| THE TASK |
Please write out the lines of the data exactly, beginning with the first and ending with the line containing "Enlarged corner detail)"; leave the pictures behind.

───── TASK MATERIAL

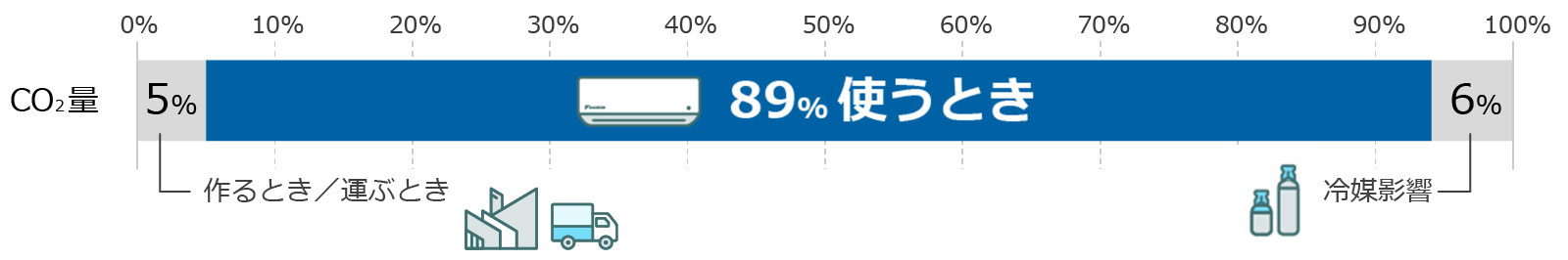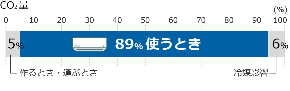 1台のエアコンが寿命を終えるまでに排出するCO2の総量は1台当たり3,692kg※10。ダイキンはメーカーの責任として、エアコンを作るとき・運ぶときの排出削減に取り組んでいます。一方で、排出総量のうち89%は「使うとき」に排出されるものです※10。そのため、「使うとき」に上手に省エネすることで、より多くのCO2削減につなげられる可能性があります。
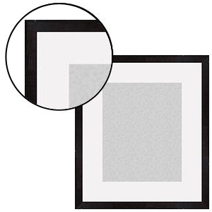Displays an 8"x10" print without its removable mat; displays a 5"x7" print with its 1½" (sides, top & bottom) wide border mat. 3/4" moulding width (see Enlarged corner detail)
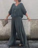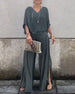 SPECIFICATIONS Style: Casual Top Type: Blouses Material: Chiffon,Polyester Pattern Type: Solid Color Neckline: V neck_V Sleeve Type: Regular sleeve Sleeve Length: Half Sleeve Pants Type: Straight Leg Pants Length: Long Waist Type: High Waist Fit Type: Regular Season: Spring, Summer, Fall Occasion: Daily Package Includes: 1 x Blouse, 1 x Pant...
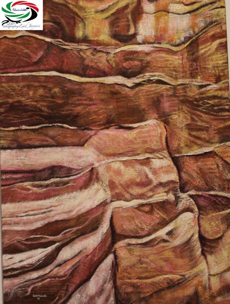 لعل عنوان المعرض التشكيلي "همهمات الصخور" للفنانة الأردنية من أصول قوقازية فاديا ماتوخ هو أول ما شدّني لحضور المعرض الذي افتُتح في قاعة زارا سنتر في عمّان مساء 2/10/2024. فقد أنسنت الفنانة الصخور، وجعلت منها كائنات حيّة تتنفس وتصدر همهمات، آخذة بيد المتأمل في اللوحات إلى رحلة خيالية بين صخور البتراء الوردية والملونة، والسيق والخزنة في إحدى وعشرين لوحة، وبين شروق وادي رم وغروبه، وأعمدة الحكمة السبعة، ونقوش الطبيعة والجبال، والنقوش الحجرية في ثماني عشرة لوحة. كنت أقف بصمت وأشعر بالصخور تلقي على مسامعي قصائد ملونة بنكهة المكان وسحره، فلكل مكان طعم وملمس وعبق خاص، وبين صخور البتراء وسحر وادي رم وجدت نفسي كفراشة هائمة بين وردتين، تستحضر ذاكرتي شريطًا من الزيارات والجولات السابقة لهذين المكانين، ومئات اللقطات التي وثّقتها عدستي لسحرهم.
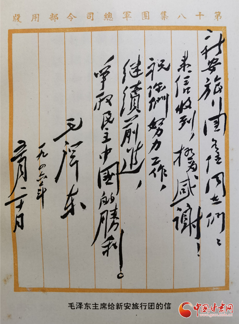 1946年5月20日,毛澤東主席給新旅回信:“新安旅行團各位同志們:來信收到,極為感謝!祝你們努力工作,繼續(xù)前進,爭取民主中國的勝利。”時隔75年后的2021年5月30日,習(xí)近平總書記給新安小學(xué)的少先隊員們回信:“當(dāng)年,在黨的關(guān)懷和領(lǐng)導(dǎo)下,‘新安旅行團’不怕艱苦,足跡遍及大半個中國,以文藝為武器,喚起民眾抗日救亡,宣傳黨的主張,展現(xiàn)了愛國奮進的精神風(fēng)貌。希望你們結(jié)合自身成長實際學(xué)好黨史,以英雄模范人物為榜樣,從小堅定聽黨話、跟黨走的決心,刻苦學(xué)習(xí),樹立理想,砥礪品格,增長本領(lǐng),努力實現(xiàn)德智體美勞全面發(fā)展。”
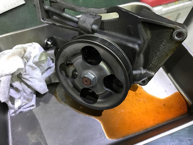 点検すると、パワステポンプよりオイル漏れです。
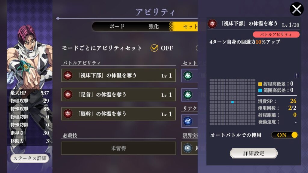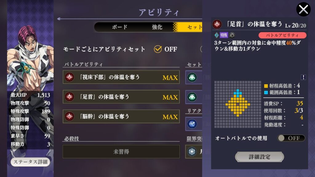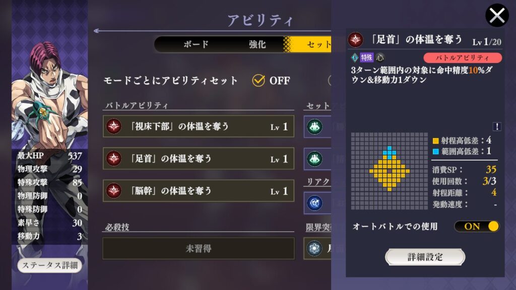 「足首」の体温を奪う:3ターン範囲内の対象に命中精度10%ダウン&移動力1ダウン

──────────

| RESPONSE AREA |
 1台のエアコンが寿命を終えるまでに排出するCO2の総量は1台当たり3,692kg※10。ダイキンはメーカーの責任として、エアコンを作るとき・運ぶときの排出削減に取り組んでいます。一方で、排出総量のうち89%は「使うとき」に排出されるものです※10。そのため、「使うとき」に上手に省エネすることで、より多くのCO2削減につなげられる可能性があります。
Displays an 8"x10" print without its removable mat; displays a 5"x7" print with its 1½" (sides, top & bottom) wide border mat. 3/4" moulding width (see Enlarged corner detail)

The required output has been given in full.